• **Description of the task**
An exact reproduction of the listing is wanted, with the pictures dropped.

• **Task input**
|---|

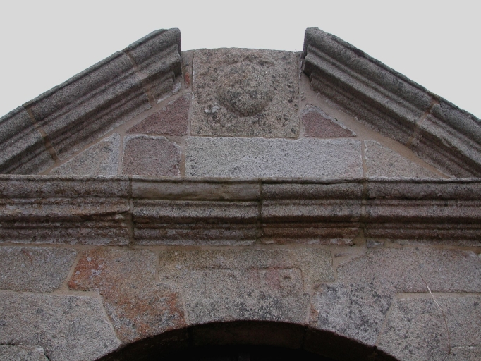 Vue de détail du fronton triangulaire, portant la date de 1719 et les armoiries de Cillart de la VilleneuveImmatriculation
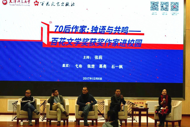 70后作家是一个不事喧哗的坚实、成熟的群体,成长过程经历了改革开放前后不同的社会形态,纷繁的变迁与涌动的思潮使他们对于自我和文学的认知都明显不同于新时期作家和“80后”作家。无论诗歌、散文还是小说创作,70后作家都显现出一种冷静而沉郁的气质,并表现出越来越强烈的时代关怀和现实书写,积极探索个人叙事与时代精神的融通与契合,向着历史与人性深处不断掘进,成为青年作家的中坚力量。2017年12月6日,获得第十七届百花文学奖的四位70后作家葛亮、张楚、弋舟、石一枫走进天津师范大学,与在校师生进行了一场主题为“70后作家:独语与共鸣”的对谈,共同研讨70后写作者的精神际遇与美学追求,分享个人写作历程。对谈由天津师范大学文学院教授张莉主持。
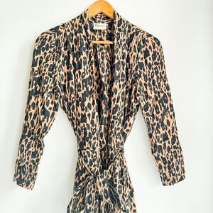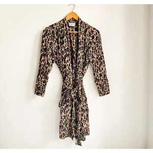 Ganni Animal Print Long Sleeve Wrap mini dress S/M
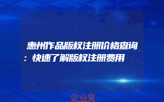 - 惠州作品版权注册价格查询:快速了解版权注册费用
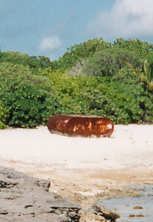 TIGHAR sent a small team to Nikumaroro the next year to recover what we dubbed the Wheel of Fortune, but when they arrived the team saw that the shore of the main passage had recently suffered severe damage and overwash. The wheel was gone, presumably washed into the lagoon by the storm.
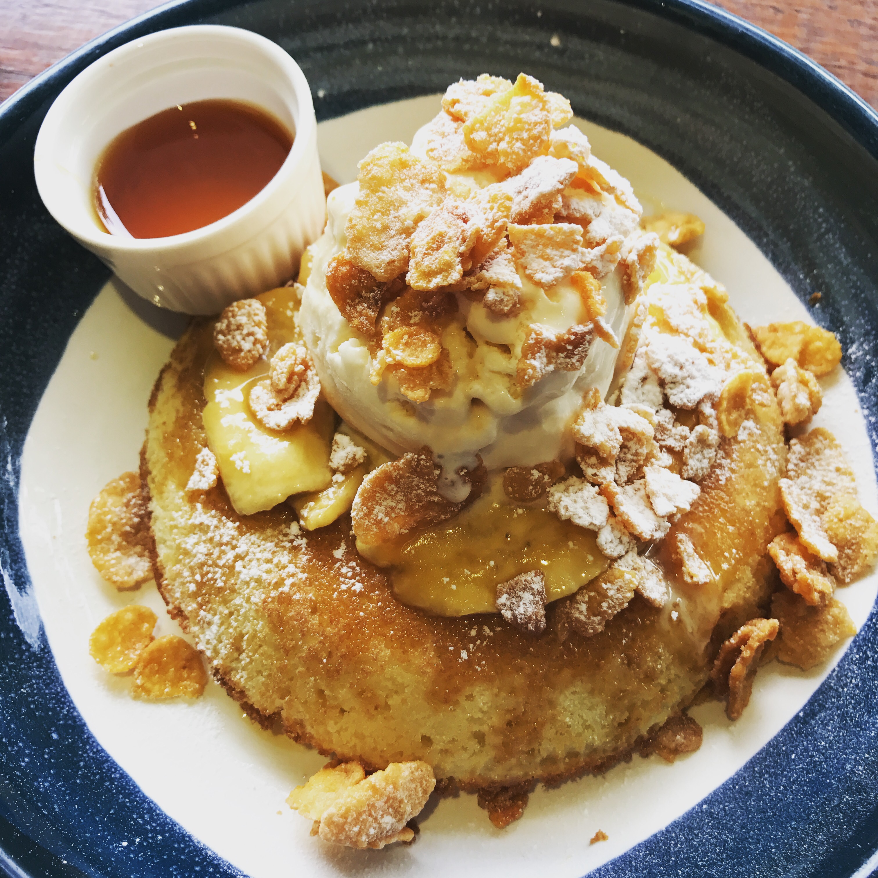 Butterscotch Banana Pancake ($18.50). Butterscotch pancake with bananas, cornflakes, vanilla ice cream and maple syrup to drizzle.
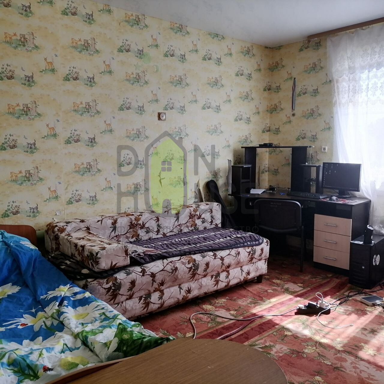 Светлый, теплый, просторный и уютный дом в отличном состоянии. В доме изолированные комнаты. 3 спальни, гостиная, кухня, санузел. Установлены окна ПВХ, натяжные потолки, стены оклеены обоями, на полу крашенные древесноволокнистые плиты.
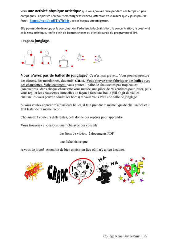 Bonjour à tous, en ce temps de confinement il est important de garder une activité physique quotidienne pour limiter les effets de la sédentarité. L'OMS recommande au moins 30' d'activité physique par jour en alternant un jour sur deux, un travail de renforcement musculaire et un travail d'endurance. Ci-joint un document qui va vous aider à conserver cette activité physique chez vous. Je vous rappelle la nécessité de respecter les règles de sécurités :s'échauffer avant de commencer, avoir un espace suffisant pour ne pas se cogner et respecter les distances barrières (pas à moins d'1m) si vous sortez pour faire votre activité d'endurance. Je vous joins aussi un carnet d'entraînement pour que je puisse avoir un suivi de votre activité et que vous puissiez voir vos progrès (il y a un challenge où vous devrez faire mieux la deuxième semaine de travail que la première).Si jamais vous ne savez pas quel niveau choisir au début ou si vous avez des problèmes de dos, d'asthme,... n'hésitez pas à me contacter pour que je vous conseille ou que je vous adapte le travail. Remplissez bien la partie ressenti elle vous permettra de voir l'adaptation de votre corps à l'effort, et me permettra de vous adapter le travail si jamais c'est trop facile ou trop difficile.Bon courage à vous. Cordialement l'équipe EPS.
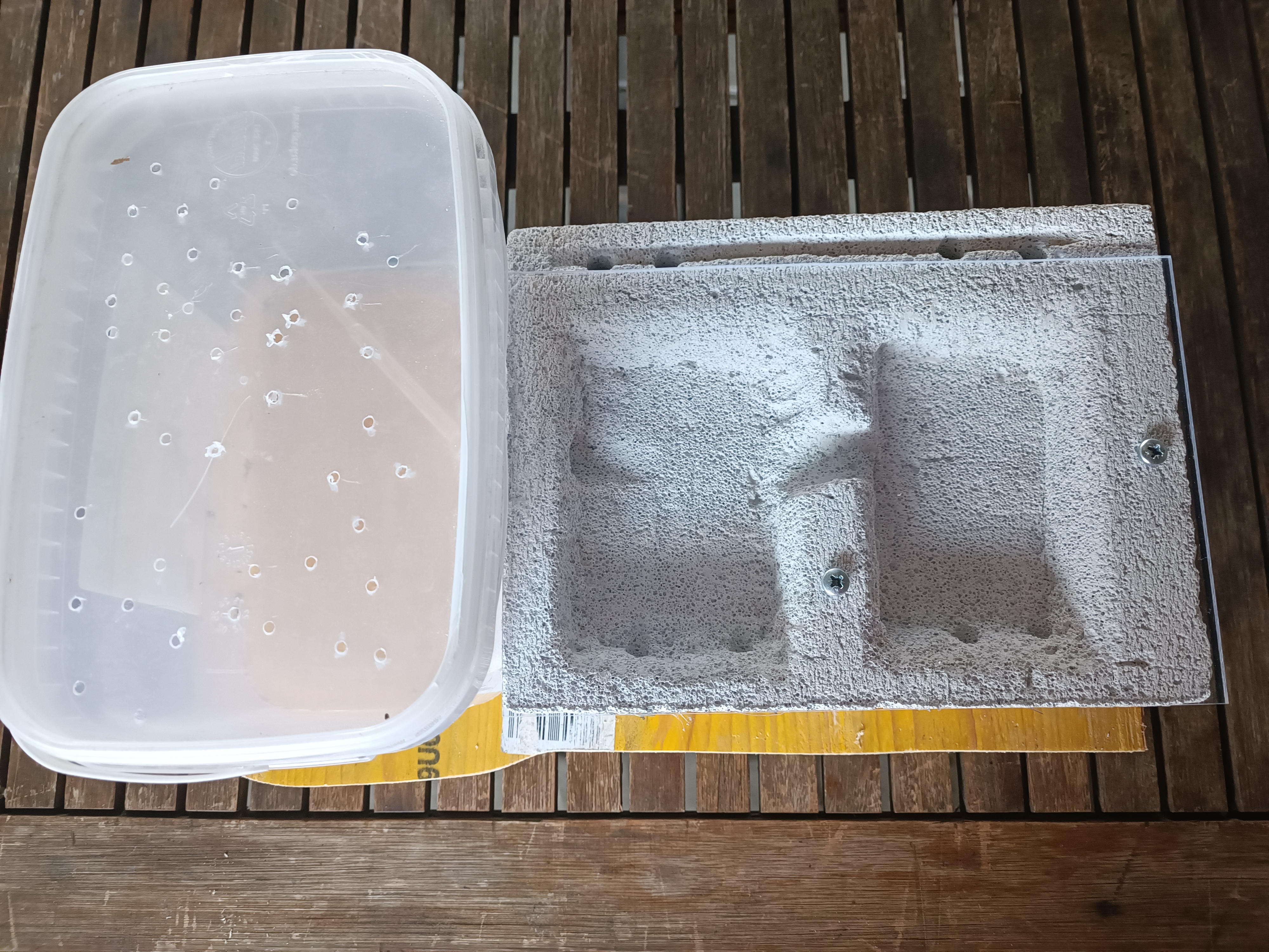 Ich werde aber zuerst den Durchgang zur zweiten Kammer verschlieĂźen. Heizmatten werde ich noch anbringen seitlich an der Arena und unter das Ytongnest (Bei Tipps bitte einfach schreiben
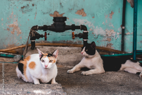 Portrait of two Thai cats in Bangkok Thailand
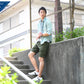 ちょうど膝上になるように計算してロールアップされたこのカーゴパンツはまさしく、
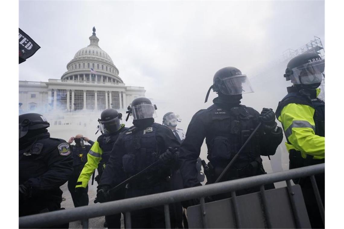 Die Polizei versucht, das Kapitol vor Eindringlingen zu schützen. Foto: Julio Cortez/AP/dpa
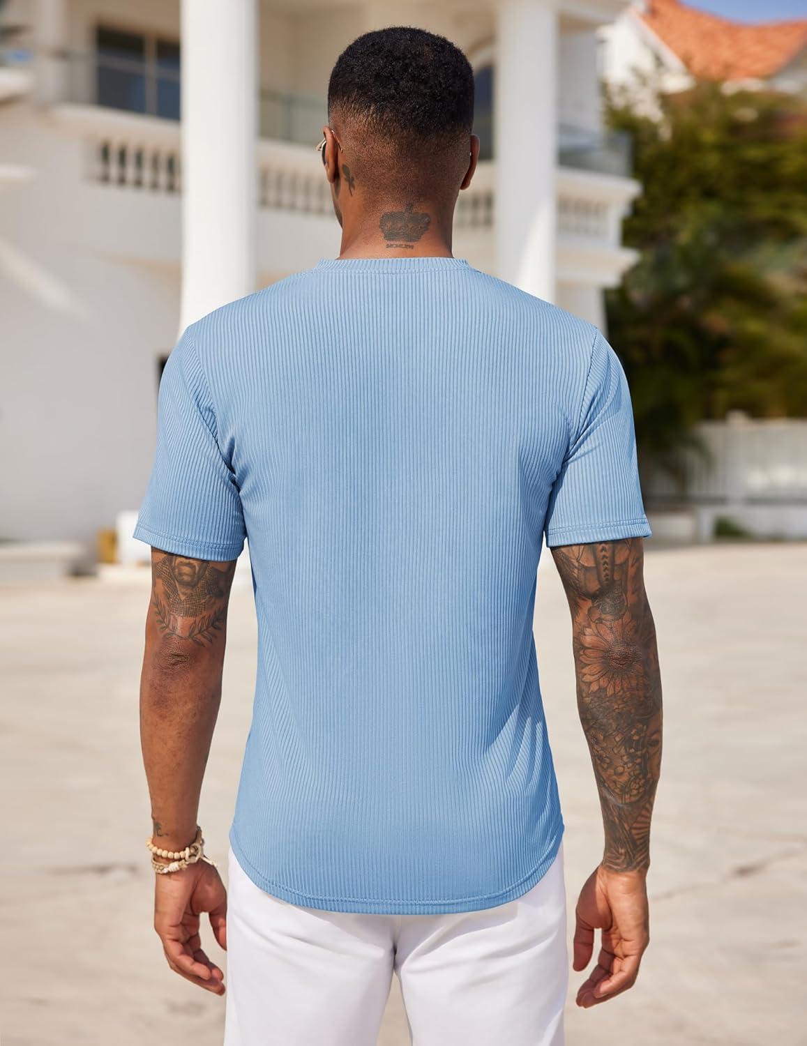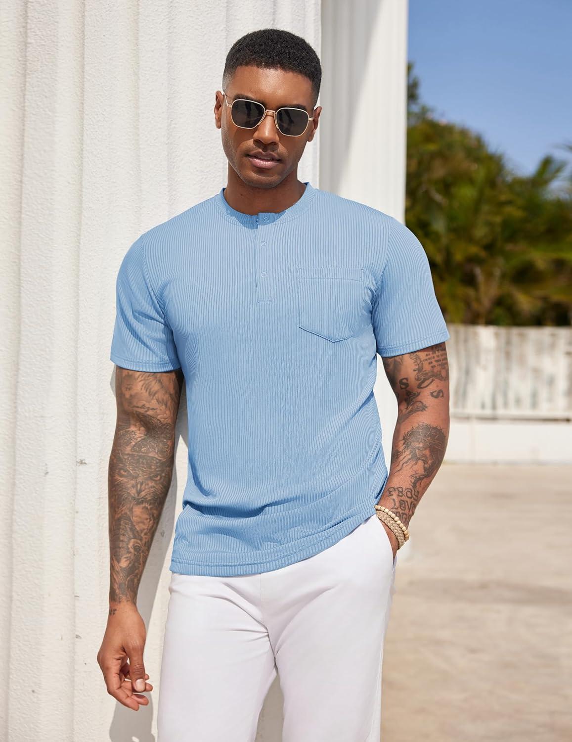 COOFANDY Mens Henley Shirts Short Sleeve Tshirt Basic Button Tees Summer Ribbed Pocket T Shirt Casual Stretch Tops(Light Blue)

|---|

• **Finished task**
 Vue de détail du fronton triangulaire, portant la date de 1719 et les armoiries de Cillart de la VilleneuveImmatriculation
 70后作家是一个不事喧哗的坚实、成熟的群体,成长过程经历了改革开放前后不同的社会形态,纷繁的变迁与涌动的思潮使他们对于自我和文学的认知都明显不同于新时期作家和“80后”作家。无论诗歌、散文还是小说创作,70后作家都显现出一种冷静而沉郁的气质,并表现出越来越强烈的时代关怀和现实书写,积极探索个人叙事与时代精神的融通与契合,向着历史与人性深处不断掘进,成为青年作家的中坚力量。2017年12月6日,获得第十七届百花文学奖的四位70后作家葛亮、张楚、弋舟、石一枫走进天津师范大学,与在校师生进行了一场主题为“70后作家:独语与共鸣”的对谈,共同研讨70后写作者的精神际遇与美学追求,分享个人写作历程。对谈由天津师范大学文学院教授张莉主持。
 Ganni Animal Print Long Sleeve Wrap mini dress S/M
 - 惠州作品版权注册价格查询:快速了解版权注册费用
 TIGHAR sent a small team to Nikumaroro the next year to recover what we dubbed the Wheel of Fortune, but when they arrived the team saw that the shore of the main passage had recently suffered severe damage and overwash. The wheel was gone, presumably washed into the lagoon by the storm.
 Butterscotch Banana Pancake ($18.50). Butterscotch pancake with bananas, cornflakes, vanilla ice cream and maple syrup to drizzle.
 Светлый, теплый, просторный и уютный дом в отличном состоянии. В доме изолированные комнаты. 3 спальни, гостиная, кухня, санузел. Установлены окна ПВХ, натяжные потолки, стены оклеены обоями, на полу крашенные древесноволокнистые плиты.
 Bonjour à tous, en ce temps de confinement il est important de garder une activité physique quotidienne pour limiter les effets de la sédentarité. L'OMS recommande au moins 30' d'activité physique par jour en alternant un jour sur deux, un travail de renforcement musculaire et un travail d'endurance. Ci-joint un document qui va vous aider à conserver cette activité physique chez vous. Je vous rappelle la nécessité de respecter les règles de sécurités :s'échauffer avant de commencer, avoir un espace suffisant pour ne pas se cogner et respecter les distances barrières (pas à moins d'1m) si vous sortez pour faire votre activité d'endurance. Je vous joins aussi un carnet d'entraînement pour que je puisse avoir un suivi de votre activité et que vous puissiez voir vos progrès (il y a un challenge où vous devrez faire mieux la deuxième semaine de travail que la première).Si jamais vous ne savez pas quel niveau choisir au début ou si vous avez des problèmes de dos, d'asthme,... n'hésitez pas à me contacter pour que je vous conseille ou que je vous adapte le travail. Remplissez bien la partie ressenti elle vous permettra de voir l'adaptation de votre corps à l'effort, et me permettra de vous adapter le travail si jamais c'est trop facile ou trop difficile.Bon courage à vous. Cordialement l'équipe EPS.
 Ich werde aber zuerst den Durchgang zur zweiten Kammer verschlieĂźen. Heizmatten werde ich noch anbringen seitlich an der Arena und unter das Ytongnest (Bei Tipps bitte einfach schreiben
 Portrait of two Thai cats in Bangkok Thailand
 ちょうど膝上になるように計算してロールアップされたこのカーゴパンツはまさしく、
 Die Polizei versucht, das Kapitol vor Eindringlingen zu schützen. Foto: Julio Cortez/AP/dpa
 COOFANDY Mens Henley Shirts Short Sleeve Tshirt Basic Button Tees Summer Ribbed Pocket T Shirt Casual Stretch Tops(Light Blue)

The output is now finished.